Rosenheim sees cameras as furthering the anti-aristocratic principles that America was founded on, in the process helping individuals own their identities and document their world. His new exhibition at The Met, The New Art: American Photography, 1839–1910, aspires to give us new ways of seeing precisely how that occurred. Dozens of portraits of everyday Americans showcase a fascinating people’s history of the United States, while also revealing a middle class deeply engaged in the process of discovering its identity, both as consumers and as participants in this young, quickly developing democracy. “Photographic portraits play a role in people feeling like they could be a citizen,” Rosenheim said. “It’s a psychological, empowering thing to own your own likeness.”

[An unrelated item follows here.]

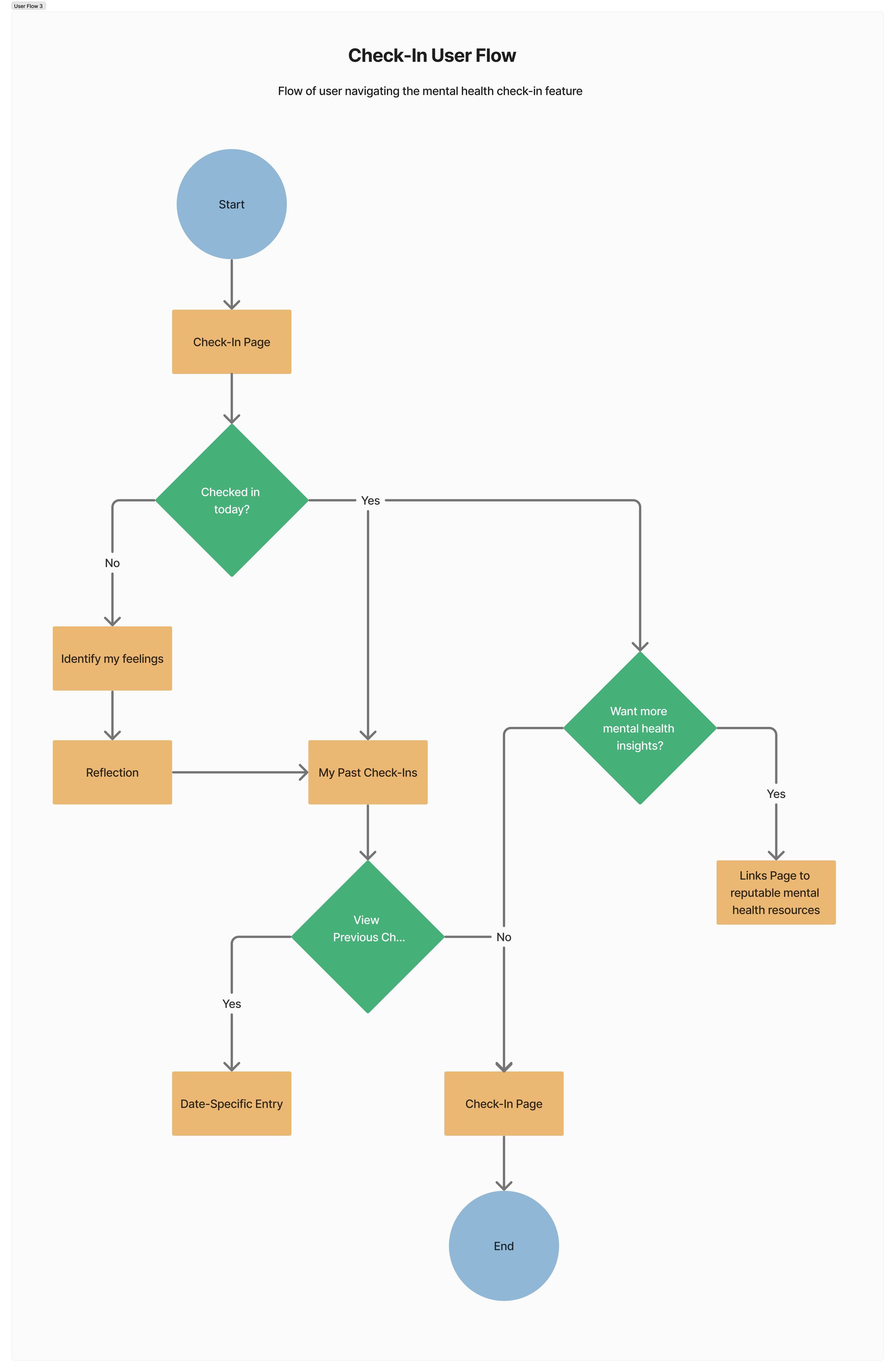 In order to conceptualize how these solutions would look as far as key screens, tasks, and overall user experience, I crafted two user flows. Specifically, a check-in user flow and a checklist user flow:
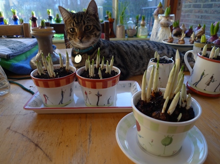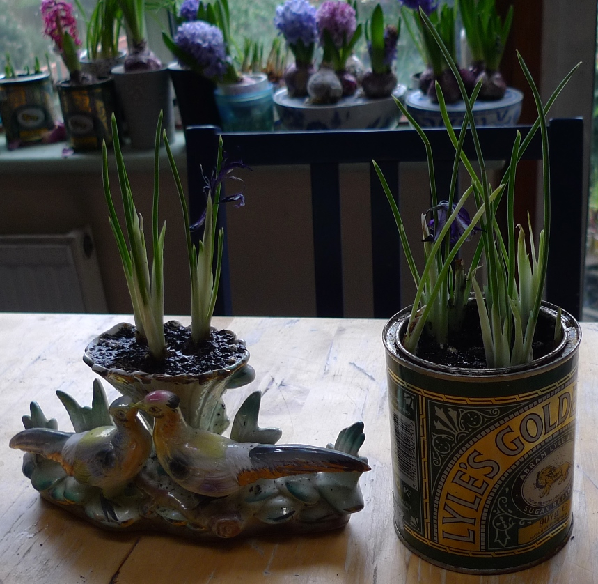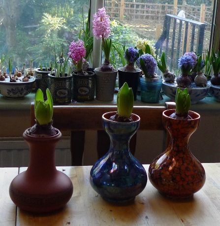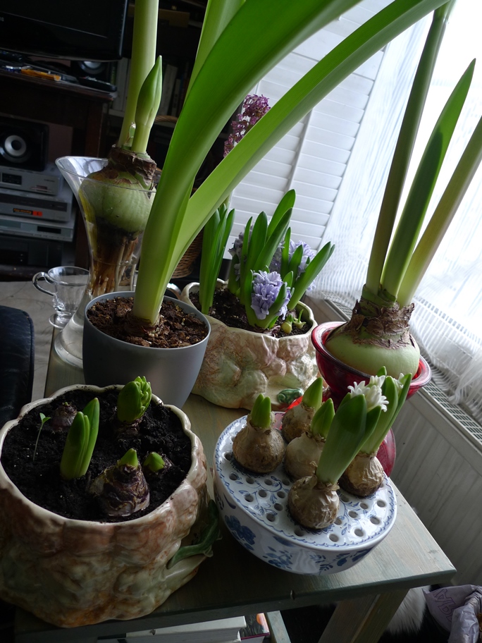 the bulb bowl below has Carnegie hyacinths, one of which is just starting to bloom, also on that table, two SylvaC pots with hyacinths and 3 amaryllis

black and white photo of a person with camera, cloth over their head
Unknown Maker – Studio Photographer at Work ca 1855. Photograph: The Metropolitan Museum of Art

Covering a period when the US was figuring out exactly what photography was for, The New Art offers some 250 photographs that captures the day-to-day of the American experiment in action. In their immediacy and their frankness, these photos offer new possibilities for recording history that simply were not available before the invention of the camera. “The collection is just filled with the the everyday stories of people,” Rosenheim said, “and I don’t think painting can touch that.”

Although The New Art does include pieces by some recognized giants of the genre, it is largely comprised of the handiwork of unremembered and anonymous creators. The works are dominated by studio portraits – probably the only likeness of themselves a person of the era would have owned for their entire lifetime. Viewers will also be surprised to see the kinds of playful images that smack of people enamored of the possibilities of a new creative toy.

The latter category would include a memorable, if somewhat random, shot of a cow in a field, a dog standing on a chair and a sort of still life of a boot carefully placed into a roller skate. Rosenheim was particularly enamored of the boot still life for the sheer strangeness of it all. “It’s like, what is this picture, the mystery of this?” he told me. “The photographer had to solve a problem to make a still-life composition, so I love this. It’s like this fantastic object, and it asks more questions than it answers. In that, it’s very emblematic of the whole of 19th-century American photography.”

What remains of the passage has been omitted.